Reducing API Costs
Reducing API Costs
This guide is for developers using SideCar with Anthropic or OpenAI APIs who want to understand where tokens go and how to cut the bill without sacrificing quality.
Understanding where tokens go
Every API request bills you for two token pools: input and output.
| Source | Typical token count | Relative cost |
|---|---|---|
| System prompt (base rules + SIDECAR.md sections) | 2,000–6,000 | Input — expensive if repeated uncached |
| Tool schemas (86 built-in tools) | ~4,000–6,000 | Input — constant, ideal for caching |
| Workspace context (RAG hits, pinned files) | 1,000–20,000 | Input — varies by query |
| Prior conversation history | grows per turn | Input — compressible |
| Tool results (file reads, shell output, etc.) | 500–8,000 each | Input — prunable |
| Assistant output | 200–2,000 per turn | Output — most expensive per-token |
Output tokens cost 4–5x more per token than input tokens on most Claude models, but they are also the shortest part of most turns. The biggest savings come from reducing repeated input tokens across turns — system prompt, tool schemas, and conversation history.
How to check your spend
The $(credit-card) $0.12 status bar item appears as soon as your first Anthropic request completes. Click it to open a per-model breakdown showing total spend, request count, input tokens, output tokens, and cache metrics for the session.
Two commands are also available from the Command Palette:
SideCar: Show Session Spend— full breakdown with per-model token countsSideCar: Reset Session Spend— zero the session tally (does not affect Anthropic Console totals)
Run /usage in chat to see current spend alongside budget status (spent / limit / remaining per active budget).
To keep permanent per-request records for auditing:
"sidecar.verboseLogs": true
This appends runId, model, inputTokens, outputTokens, stopReason, and timestamp to .sidecar/logs/api.jsonl for every API call.
Prompt caching (Anthropic)
SideCar applies three cache_control: { type: "ephemeral" } breakpoints automatically on every Anthropic request. You do not configure anything — this is always on.

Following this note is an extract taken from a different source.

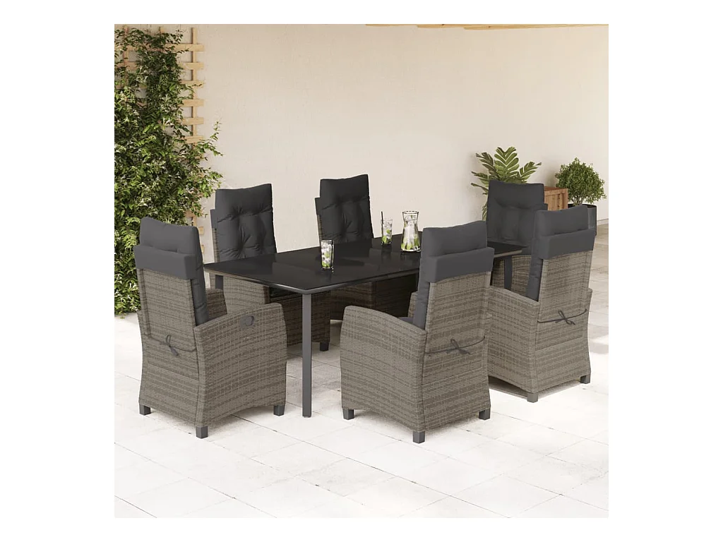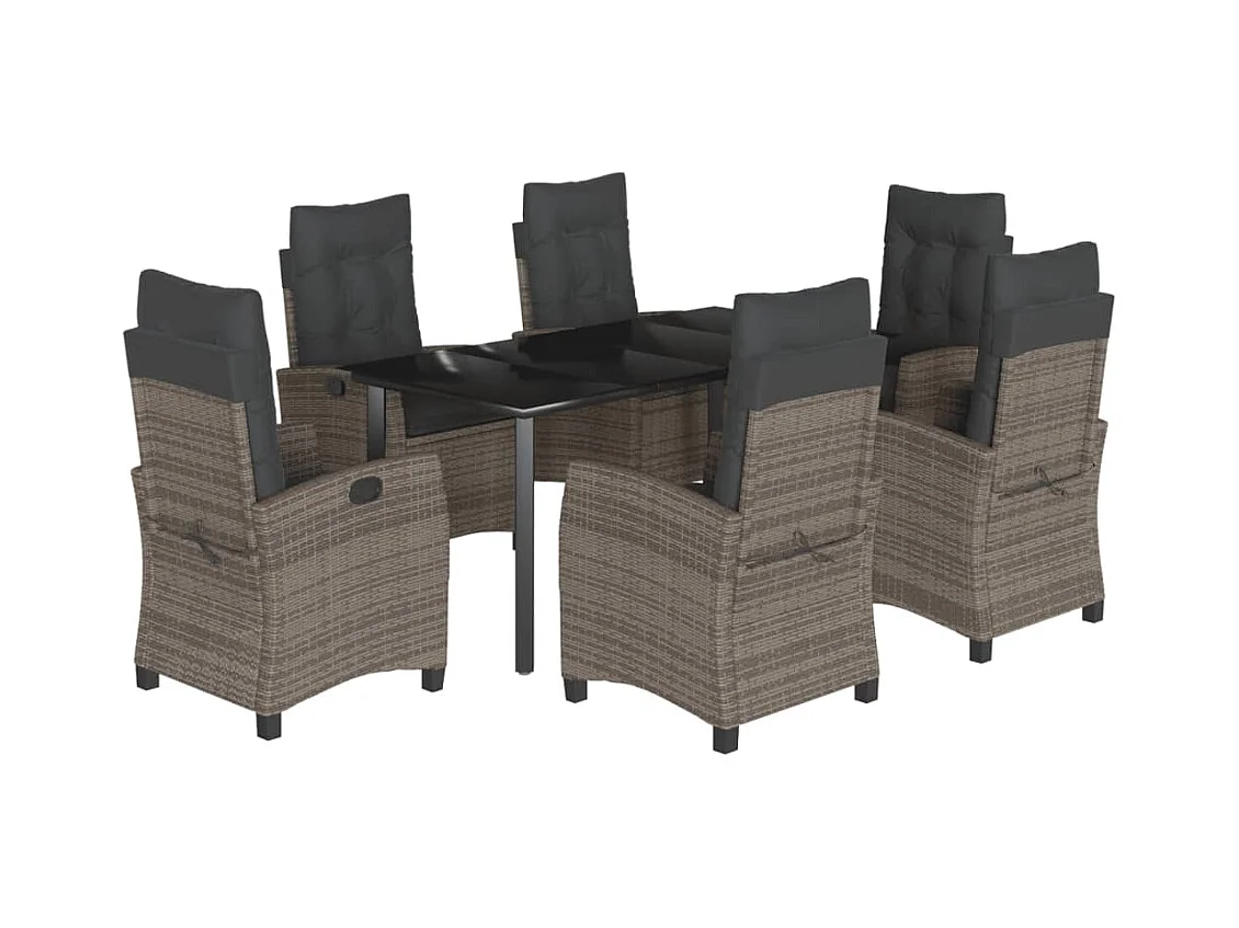 Ensemble à manger de jardin et coussins 7 pcs gris rotin

What gets cached and where the breakpoints land:
-
System prompt stable prefix — everything before the
## Workspace Structuresection (the base rules, SIDECAR.md injections, and user config). This block is marked cached on every request. The dynamic workspace context section is left uncached because it changes per query. -
Tool schemas — all 79 tool definitions are sent with
cache_controlon the last entry. The API caches the entire tool block as a unit. Tool schemas are identical across every turn of an agent loop, so after the first turn you pay only the 10% cache-read rate (~$0.30/1M tokens instead of $3/1M for Sonnet inputs). -
Conversation history — the last content block of the last assistant message is marked cached. This means the growing conversation history (assistant reasoning + tool_use blocks from prior turns) enters the cached prefix immediately, and only the current user turn (tool results) is sent uncached.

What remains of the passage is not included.